[Task description] Among the lines below, take the one holding "min,碳酸鈉質(zhì)量", the one holding "Armstoel Mandolia is", and all lines between them. Set them down exactly.

[Record extracts]
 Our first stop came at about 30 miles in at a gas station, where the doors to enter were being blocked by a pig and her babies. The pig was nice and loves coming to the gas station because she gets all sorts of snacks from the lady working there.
---
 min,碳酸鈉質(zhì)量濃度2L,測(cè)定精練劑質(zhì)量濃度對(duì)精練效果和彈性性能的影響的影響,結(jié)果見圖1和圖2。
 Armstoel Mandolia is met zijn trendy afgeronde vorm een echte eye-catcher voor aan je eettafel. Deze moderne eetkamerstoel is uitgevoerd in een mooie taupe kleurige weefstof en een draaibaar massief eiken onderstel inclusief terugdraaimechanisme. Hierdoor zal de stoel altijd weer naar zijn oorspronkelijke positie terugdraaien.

[Answer to this problem]
 min,碳酸鈉質(zhì)量濃度2L,測(cè)定精練劑質(zhì)量濃度對(duì)精練效果和彈性性能的影響的影響,結(jié)果見圖1和圖2。
 Armstoel Mandolia is met zijn trendy afgeronde vorm een echte eye-catcher voor aan je eettafel. Deze moderne eetkamerstoel is uitgevoerd in een mooie taupe kleurige weefstof en een draaibaar massief eiken onderstel inclusief terugdraaimechanisme. Hierdoor zal de stoel altijd weer naar zijn oorspronkelijke positie terugdraaien.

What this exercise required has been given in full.